The docx4j project has been using diffx for a good while now to diff 2 Microsoft Word OpenXML paragraph objects, or 2 content controls (aka sdt).

It works pretty well. Aside: maybe one of the reasons there are few posts in this forum is that diffx 'just works'? :-)

That said, I thought I'd post about an interesting case that just came up.

The case is a first paragraph containing an image X, diffed against the same paragraph containing an image Y.

In other words, the user deleted image X, and replaced it with image Y.

As an end user, you'd expect the resulting diff to show the image X deleted, and the image Y inserted.

However, diffx (correctly) identifies only a couple of del: attribute values deep within the w:drawing element - see the XML output below.  (<a:blip r:link="rId4" /> didn't even change)
     
To meet user expectations, diffx could provide a way of saying: 'if there is any difference in any of the descendants of element x', treat it as if element x
had been deleted, and a new element inserted. 

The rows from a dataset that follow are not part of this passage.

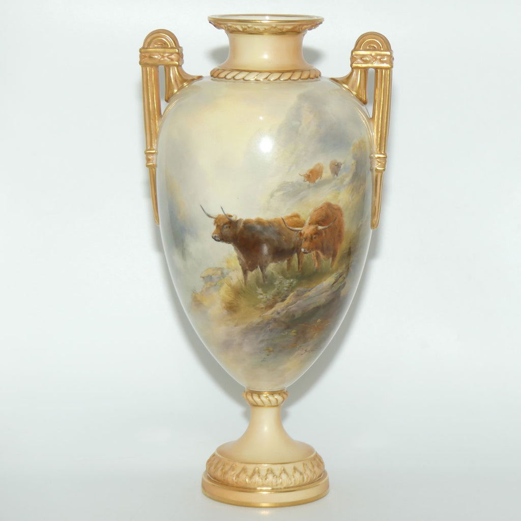 Royal Worcester hand painted twin handle Highland Cattle vase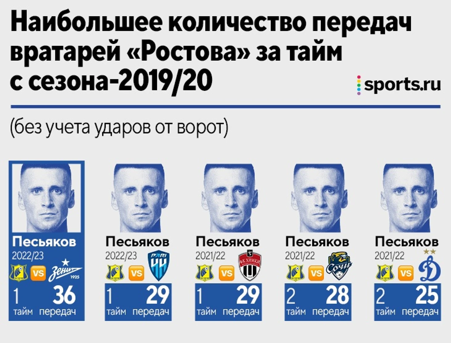За последние четыре сезона вратари «Ростова» не делали так много передач за тайм, как Песьяков в Санкт-Петербурге.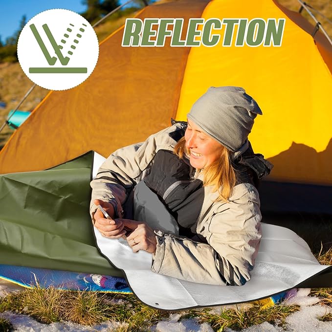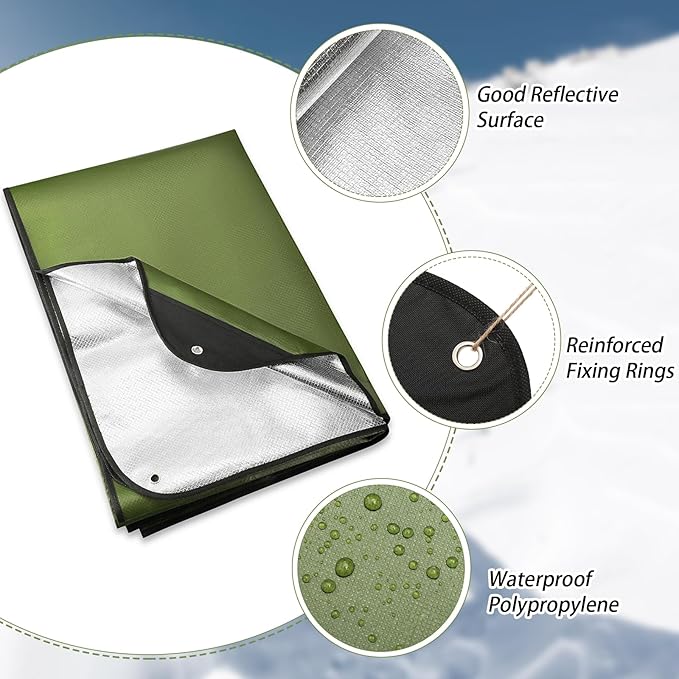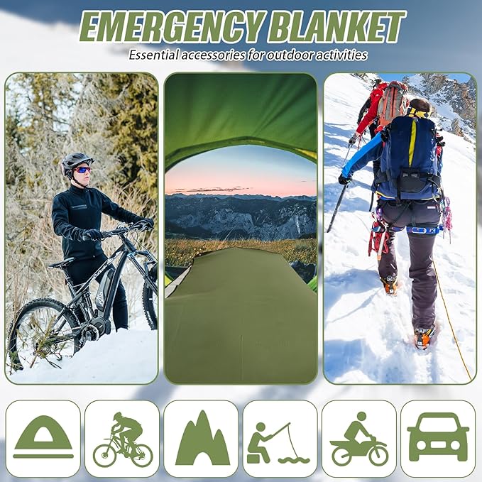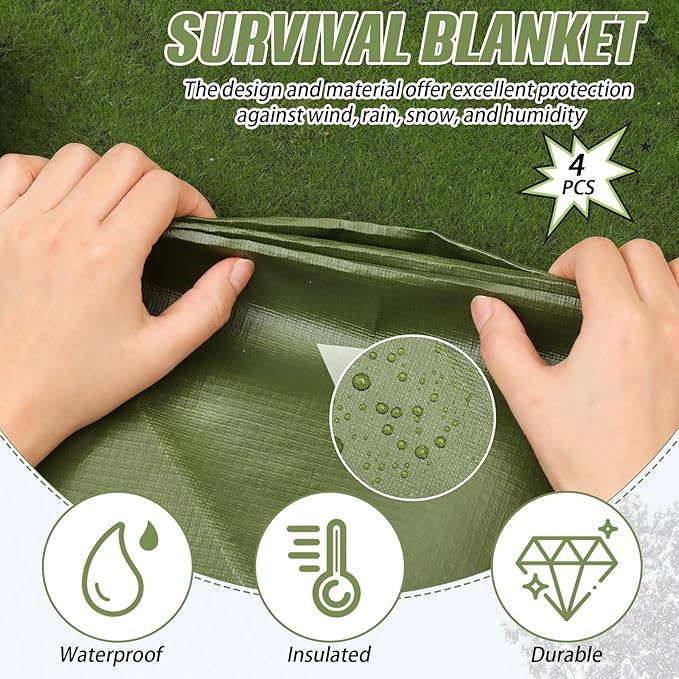 - Olive Green Survival Blanket: you will receive 4 pieces of olive green emergency blankets for survival, which have a silver reflective surface that can be applied to reflect heat, create a radiation barrier, or signal for help, and the other side is made of olive green polypropylene, forms a waterproof barrier that can be applied as a blanket, tarp or shelter

Alternatively, you can handle this by post-processing, which is probably what we'll do in docx4j.

cheers .. Jason

     
    <w:p xmlns:dfx="http://www.topologi.org/2004/Diff-X"
    xmlns:del="http://www.topologi.org/2004/Diff-X/Delete"
    xmlns:wp="http://schemas.openxmlformats.org/drawingml/2006/wordprocessingDrawing"
    xmlns:pic="http://schemas.openxmlformats.org/drawingml/2006/picture"
    xmlns:r="http://schemas.openxmlformats.org/officeDocument/2006/relationships"
    xmlns:a="http://schemas.openxmlformats.org/drawingml/2006/main"
    xmlns:ns6="http://schemas.openxmlformats.org/schemaLibrary/2006/main"
    xmlns:w="http://schemas.openxmlformats.org/wordprocessingml/2006/main">
        <w:r>
            <w:drawing>
                <wp:inline>
                    <wp:extent cx="819150" cy="438150" del:cx="561975"
                        del:cy="495300" />
                    <wp:effectExtent b="0" l="19050" r="0" del:r="9525"
                        t="0" />
                    <wp:docPr id="3" name="Picture 3" del:id="1"
                        del:name="Picture 1" />
                    <wp:cNvGraphicFramePr>
                        <a:graphicFrameLocks noChangeAspect="true" />
                    </wp:cNvGraphicFramePr>
                    <a:graphic>
                        <a:graphicData
                            uri="http://schemas.openxmlformats.org/drawingml/2006/picture">
                            <pic:pic>
                                <pic:nvPicPr>
                                    <pic:cNvPr id="0" name="Picture 3"
                                        del:name="Picture 1" />
                                    <pic:cNvPicPr>
                                        <a:picLocks
                                            noChangeArrowheads="true" noChangeAspect="true" />
                                    </pic:cNvPicPr>
                                </pic:nvPicPr>
                                <pic:blipFill>
                                    <a:blip r:link="rId4" />
                                    <a:srcRect />
                                    <a:stretch>
                                        <a:fillRect />
                                    </a:stretch>
                                </pic:blipFill>
                                <pic:spPr bwMode="auto">
                                    <a:xfrm>
                                        <a:off x="0" y="0" />
                                        <a:ext cx="819150" cy="438150"
                                            del:cx="561975" del:cy="495300" />
                                    </a:xfrm>
                                    <a:prstGeom prst="rect">
                                        <a:avLst />
                                    </a:prstGeom>
                                    <a:noFill />
                                    <a:ln w="9525">
                                        <a:noFill />
                                        <a:miter lim="800000" />
                                        <a:headEnd />
                                        <a:tailEnd />
                                    </a:ln>
                                </pic:spPr>
                            </pic:pic>
                        </a:graphicData>
                    </a:graphic>
                </wp:inline>
            </w:drawing>
        </w:r>
</w:p>